You are fooling yourself here if you think it takes 5½ years to build a step-down facility. If you think 5½ years is a commitment, then you are absolutely fooling yourself. It is symptomatic. How many reforms have we had to reduce bed block and elective surgery? I can name about four or five reforms that ministers were forced to put in place to clear bed block, but we see in this year’s figures that bed block is not getting any better. This is not commitment. This is failure.
MS GALLAGHER (Molonglo—Minister for Health, Minister for Disability and Community Services, Minister for Women and Acting Minister for Housing) (5.18): I thank Mr Gentleman for giving me the opportunity to talk today about the public health system in the ACT. It goes without saying that every community needs an effective public health system. That the ACT has such an effective public health system is self-evident. Canberrans are healthier and live longer.
According to the report on government services, we have the lowest mortality rate and infant mortality rate in the country, we have the highest proportion of children who are fully immunised, and we have the lowest rates of potentially preventable hospitalisation for acute and chronic conditions.

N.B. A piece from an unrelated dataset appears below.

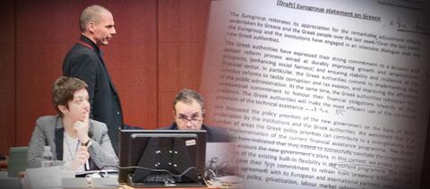 Σχέδιο ανακοίνωσης του Eurogroup, με το οποίο μεταξύ άλλων εμφανίζονταν «οι ελληνικές αρχές να εκφράζουν την πρόθεσή τους να ζητήσουν εξάμηνη τεχνική επέκταση του ισχύοντος προγράμματος ως ενδιάμεσο βήμα», απέρριψε η Ελλάδα, σύμφωνα με πηγές του υπουργείου Οικονομικών, κατά τη διάρκεια της συνόδου των υπουργών της ευρώζώνης.
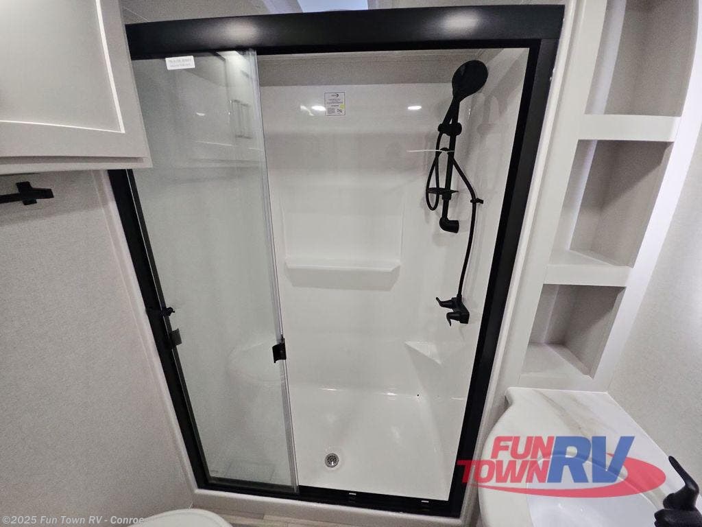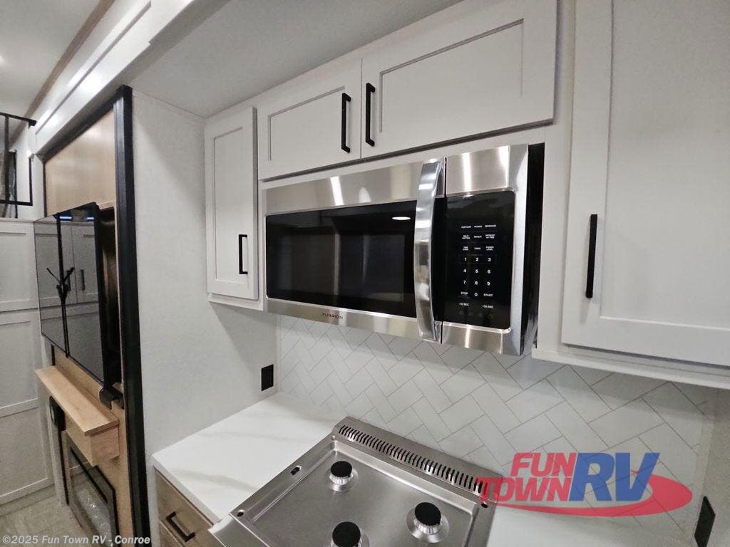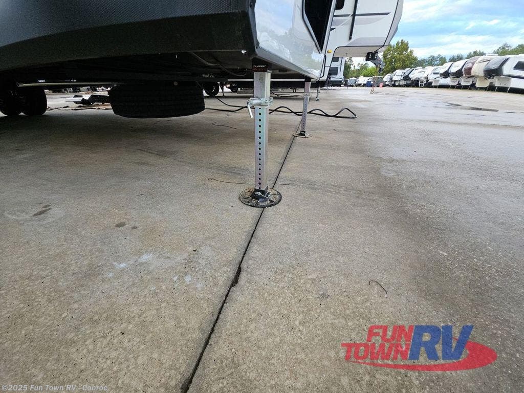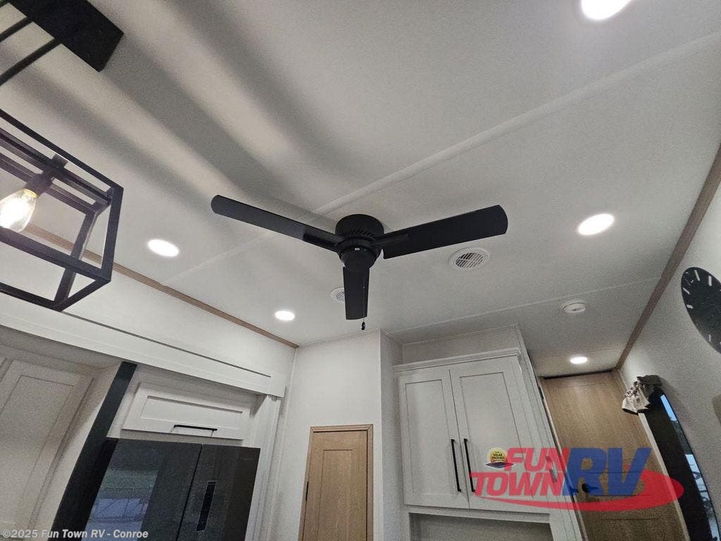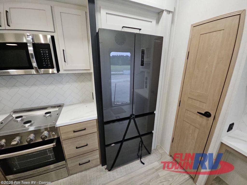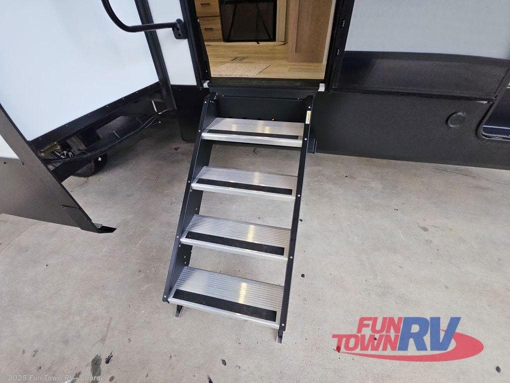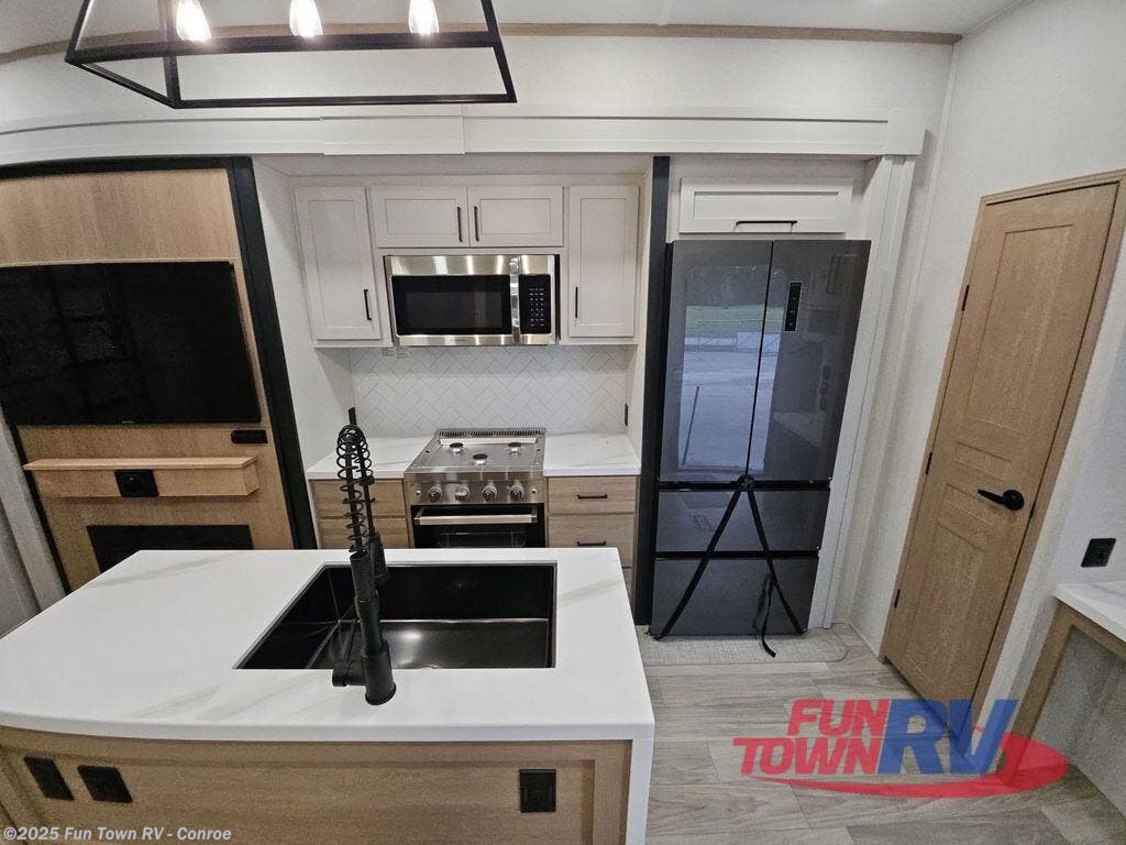 Enjoy a home on wheels with this fifth wheel! There are two bedrooms to choose from plus an upper loft with two 32" x 74" bunk mats, cabinets, and TV prep. The front private bedroom has a queen bed slide across from a dresser and next to a front wardrobe that is prepped to add an optional washer and dryer. The second bedroom has a queen bed slide across from a dresser with wardrobes on either side, plus it's very own full rear bathroom which has a tub and a rear entry/exit door to the unit. The second full bathroom has a one-piece fiberglass shower so everyone can get ready quickly in the morning. Prepare your best home cooked meals with the kitchen island and three burner cooktop then enjoy it at the free-standing dinette. Relax in true comfort each night in the theater seating across from the fireplace and 50" TV at the entertainment center!

Through ACT Health, we are working at improving our public health system.
Mr Speaker, the government provides a full range of acute care, including inpatient, outpatient and emergency department services, at the Canberra Hospital and Calvary Public Hospital. Whenever the Canberra Hospital is mentioned, we hear cries of doom and gloom from those opposite, as we just heard in a rather hysterical speech about the health system here, and they are always about bypass.